Pensant qu'un jour ils quitteront Tiruana, ces jeunes entrent dans un cercle vicieux et, généralement, vivent dans des trous, sous les routes ou dans les rues, où leur vie leur échappe. Ils survivent de la prostitution tant que leur corps est capable de susciter le désir ; après, ils deviennent délinquants, ils mendient. Jour après jour, ils voient leur vie se raccourcir et le voyage aux États-Unis n'existe plus que dans leurs rêves ou lors de leurs rares instants de lucidité, entre le syndrome d'abstinence et la faim. Certains laissent passer parfois quinze ans avant de se décider à demander de l'aide (il faut dire que personne ne leur en offre beaucoup) pour surmonter la dépendance aux substances et à la rue. Ils essaient de retrouver des forces pour mener à terme l'idée qui les a conduits ici, à la recherche du «dollar dream».

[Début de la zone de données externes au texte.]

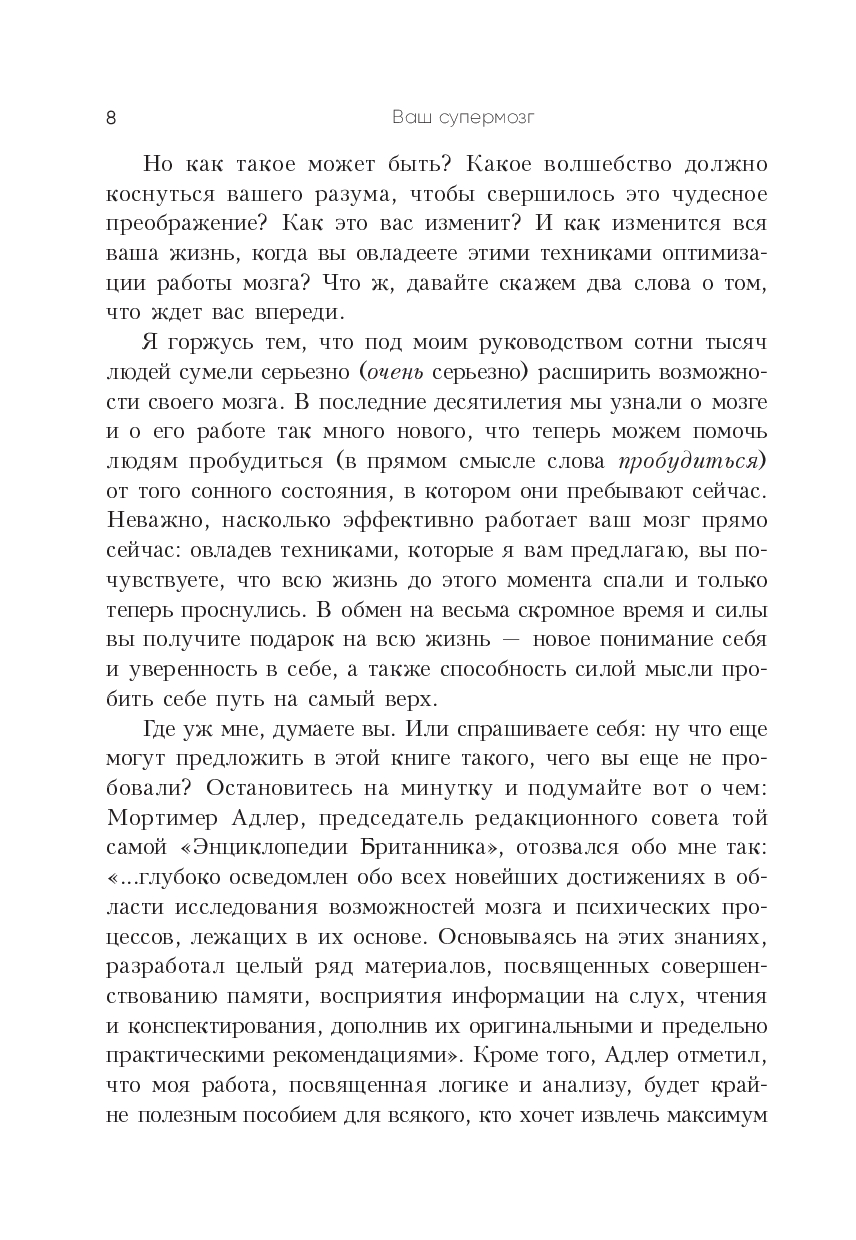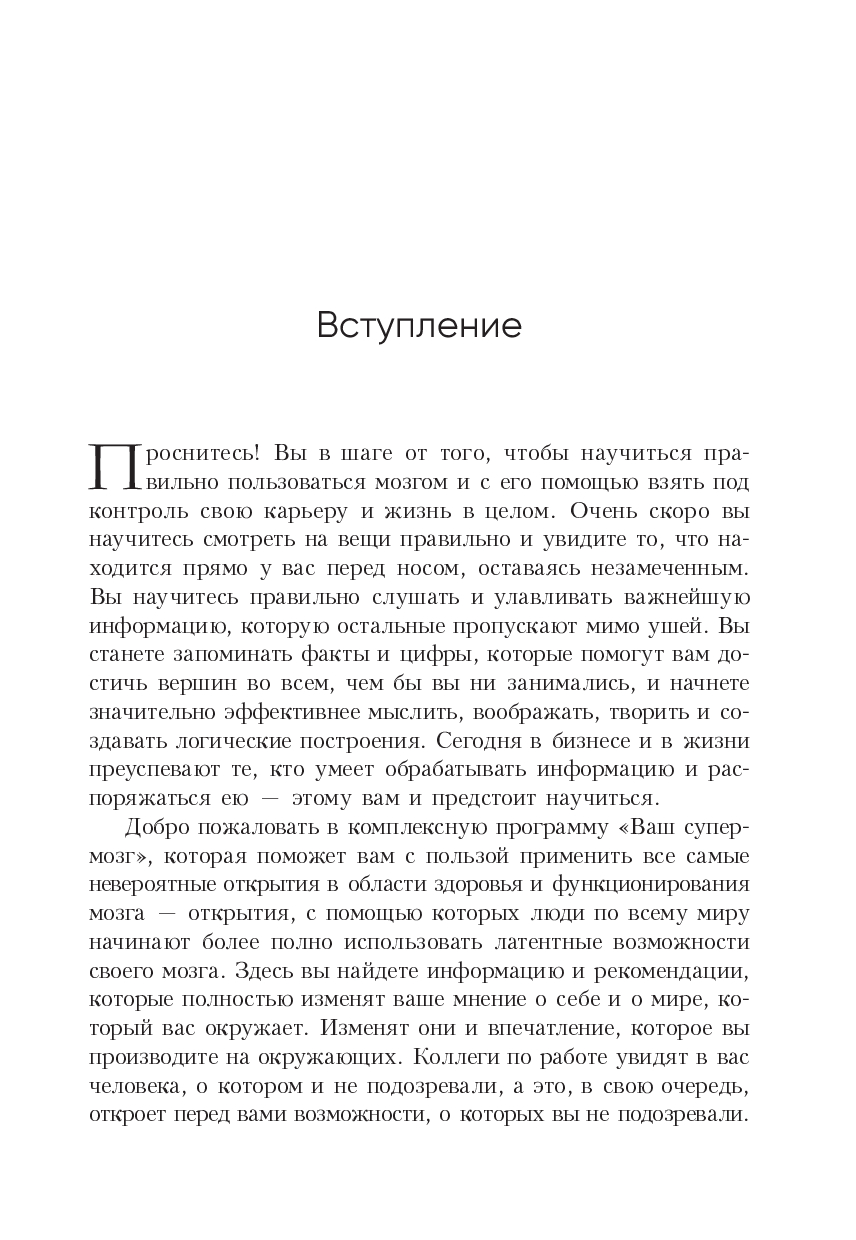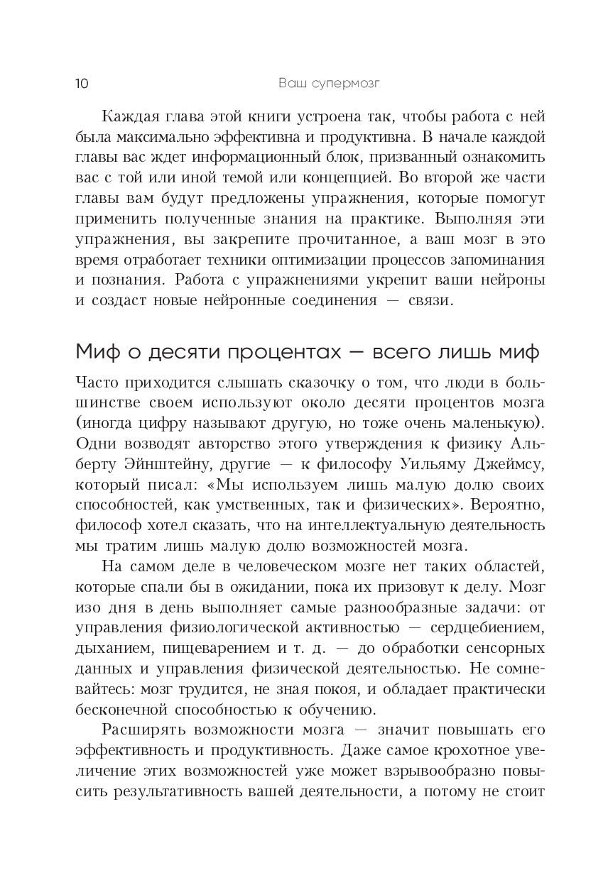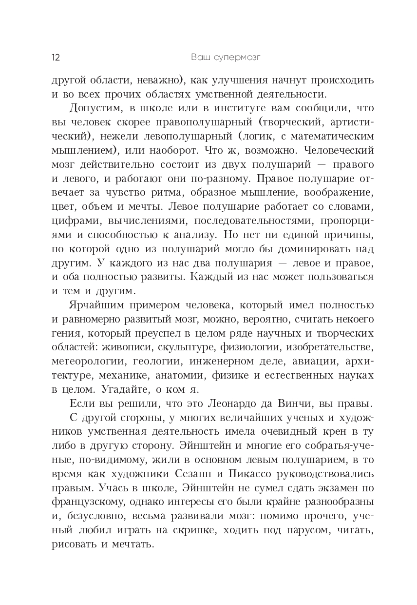 Книга представляет его авторские методики и техники, которые научат вас больше запоминать, мыслить четче и креативнее, решать сложные задачи, быстрее читать и эффективнее усваивать учебные материалы. Помимо прочего вы узнаете:
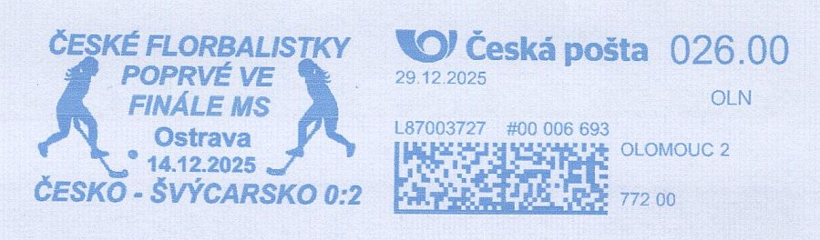 Vydáno při příležitosti: České florbalistky poprvé ve finále MS – Ostrava 14.12.2025 – Česko – Švýcarsko 0:2
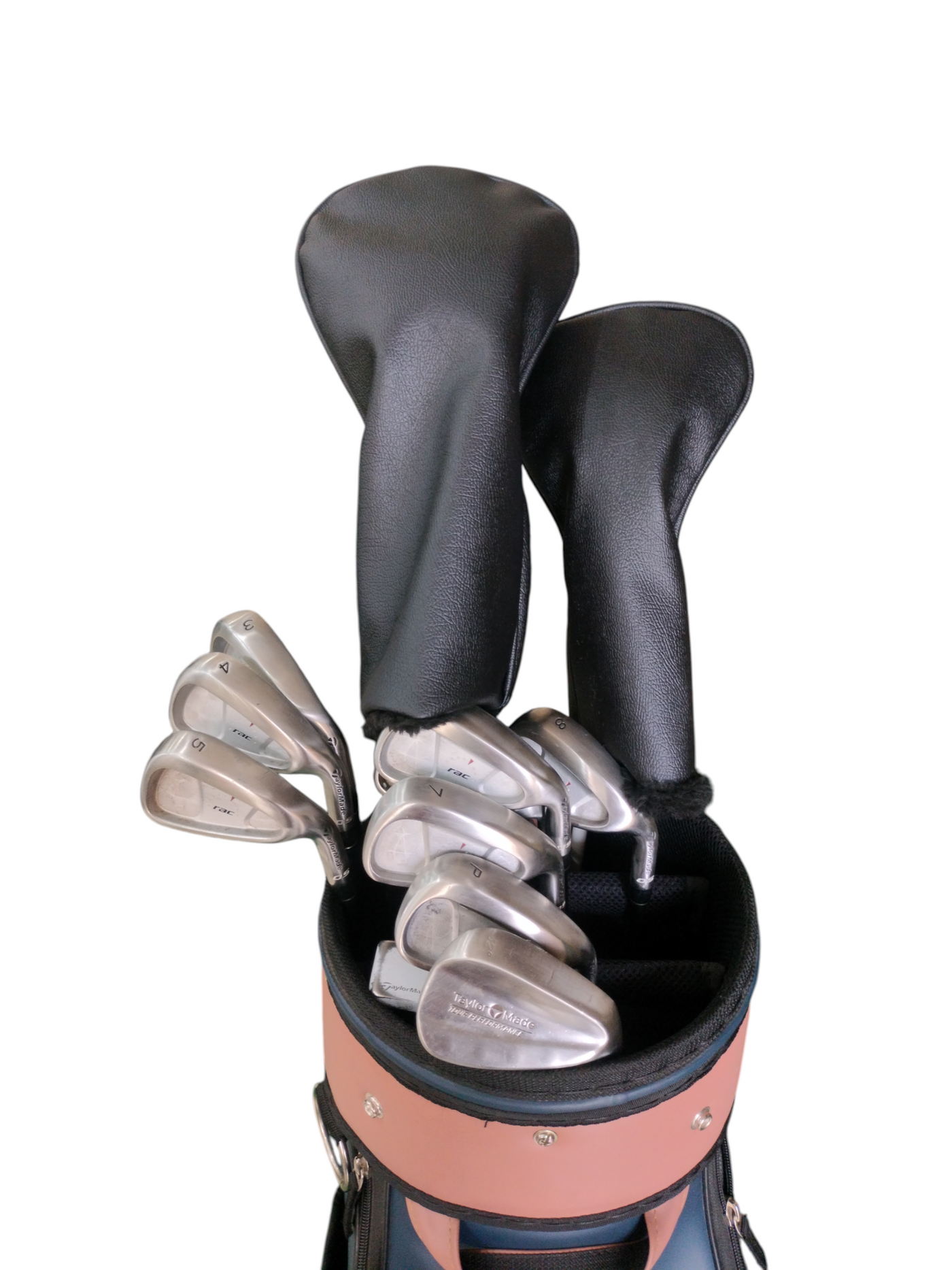 This is a TaylorMade Assorted Graphite Full Golf Set, consisting of 12 clubs, a cart bag, and wood covers.
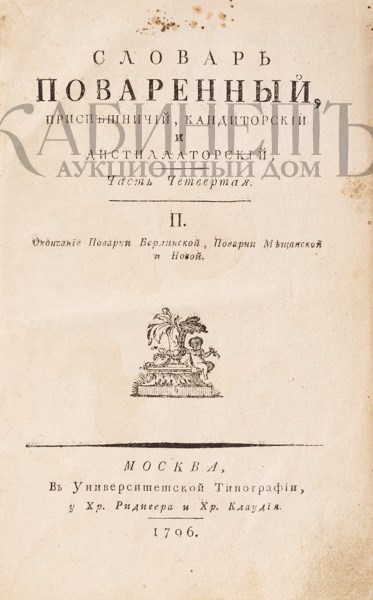 [Левшин В.А.]. Словарь поваренный, приспешничий, кондитерский и дистиллаторский. Часть IV. [Из 6-ти]. М., в Университетской типографии у Хр. Ридигера и Хр. Клаудия, 1796.
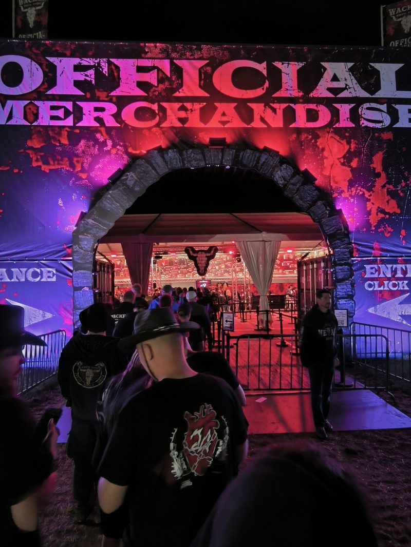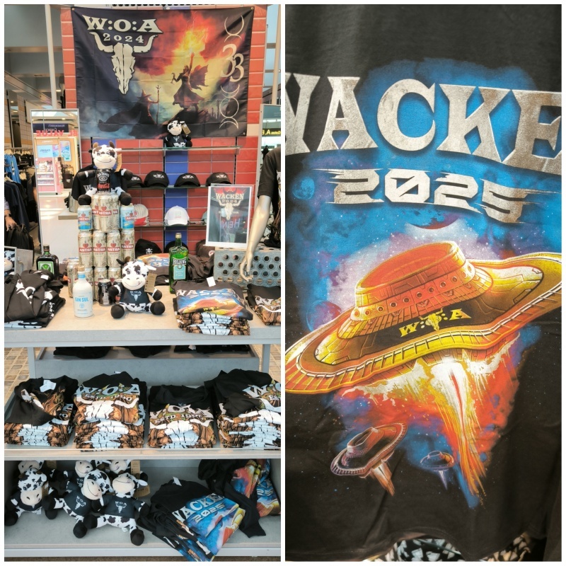 Hazafelé még benéztem a Wacken Official Merchandise szerény üzletébe, ami akkora volt mint egy cirkuszsátor és úgy tekergett benne és előtte a tömeg a nap 24 órájában, mint a reptéri csomagvizsgálatnál a legrosszabb rémálmaidban. Ha azt mondtam, hogy a zenekari shopban 200 féle motyó volt, az ide is igaz, annyi különbséggel, hogy itt csak Wacken logós cuccok voltak. Meg sem próbálom felsorolni mennyi póló, pulóver, törülköző, esőkabát, kalap, sapka, táska, kempingszék, hógömb(!), ezernyi biszem-baszom van a kínálatban, mert tényleg hajmeresztő. A legkomolyabbak több alkalommal is kiállják a sort, hogy az euro százasaikat elkölthessék. A legviccesebb, mikor már a 2024-es Wacken pólóban állsz sorba egy másik azévi Wacken pólóért.

Il y en a très peu qui adhèrent à des programmes d'aide contre les dépendances : un pourcentage élevé de ces jeunes, garçons et filles, sont séropositifs ou porteurs du virus du sida, transmis par voie sexuelle ou à travers les seingues hypodermiques d'héroïne. Certes, la mort a croisé leur chemin mais ils reçoivent maintenant une assistance médicale. Même si c'est bien tard, il est important pour eux de savoir qu'ils ne sont plus seuls, ni tellement loin des États-Unis.